As mentioned prior investigations suggest extract of G. sylvestre to be most efficient against hyperglycaemia which also has powerful antioxidant activities [35, 36] having both properties, it is peculiarly advisable to treat PCOS and inputs from this study also aligns. Considering the affinity of phytocompounds towards target proteins few phytocompounds were exceptionally good and researches in current time supports their therapeutic values. For example, Gymnemasaponins (aglycone saponins) exhibit dual mechanisms by elevating blood plasma levels of insulin and lowering free testosterone in blood circulation [6]. Beta-Amyrin and Beta-Elemene possess primarily Hepatoprotective properties along with antigastritic and antihomocystinuric effects. In terms of dosage, higher dose of Stigmasterol is relatively safe and helps to manage steoarthritic, hypercholesterolemic, cytotoxic and hypoglycaemic conditions by its antioxidant and anti-inflammatory effects [37]. This study highlights Lupeol and its potential to become most efficient drug compound against PCOS because of the fact that it is pharmacologically safe, with less threat of ingestive overdosing.
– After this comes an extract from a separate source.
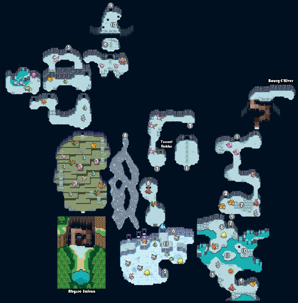 La Grotte Glaçon relie Automnelle et Printiville à Bourg-l'Hiver, une portion du Tunnel Rokka permet d'y accéder. Le seul autre moyen d'accès est de passer par les abysses de la Mer Safran.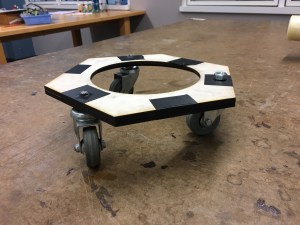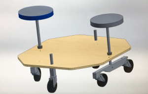 The caster drive module consists of the foot wheel and caster board, including the shaft and hardware that connect them. A rider uses his or her feet to wiggle the plywood foot wheel back and forth. A shaft is mounted to both the foot wheel and the mid-block of the caster board, so that this motion also causes the caster board to wiggle. The caster wheels, which are mounted to the caster board at variable angles, then produce a fishtailing motion which propels the machine forwards. The mid-block’s mounting is also adjustable, so that its positioning can be altered for different performance challenges (i.e. optimizing speed, maneuverability, zero- turn capability, etc.). The foot wheel features cutouts and adhesive grip tape to make it easier for a rider to move it back and forth.

Even evidences of treating malaria, rheumatism and urinary tract infections using Lupeol are reported owing to its anti-microbial properties [38]. In a novel in vivo study for reverting endometrial carcinoma by blocking potent target Matrix metalloproteinase-9 (MMP-9) involved in metastasis; using Lupeol as natural anti-cancerous and anti-inflammatory phytocompound with the least side effects the results supported therapeutic values pertaining to Lupeol [39]. Its efficacy in healing array of metabolic disorders was proved in a remarkable study where it acted as α-glucosidase inhibitor [40].

Further investigations with validating protein targets and their binding to natural phytocompounds with comparable efficacy in animal model studies (in vivo) are recommended which later can be translated to clinical trials after satisfactory observations to overcome the limitation of this study that is majorly sample size analysed. On the other hand, the availability of mRNA datasets was also very limited which brings in view that more RNA-Sequencing should be carried out with larger sample size and should be available as datasets so better conclusive studies are carried out in near future.

Conclusion

Investigating gene expression levels of PCOS patients revealed deregulation of MRPS28, MRPS33, MRPL20, MRPL21, 1CT1, NDUFA8, NDUFA12, VDAC3, APOO, TOMM5, COX6C, COX7B, EDN1 and EDN3 genes whose functional enrichment suggests erroneous metabolism of proteins and impaired mitochondrial translation to be causative of phenotypic spectrum of symptoms observed in PCOS. Therapeutic potential value obtained from G. sylvestre phytocompounds is high especially for Lupeol, Betaine and Stigmasterol against potential molecular targets (MRPL21, 1CT1, NDUFA12 and COX6C) and hence becomes eligible candidates for drug development.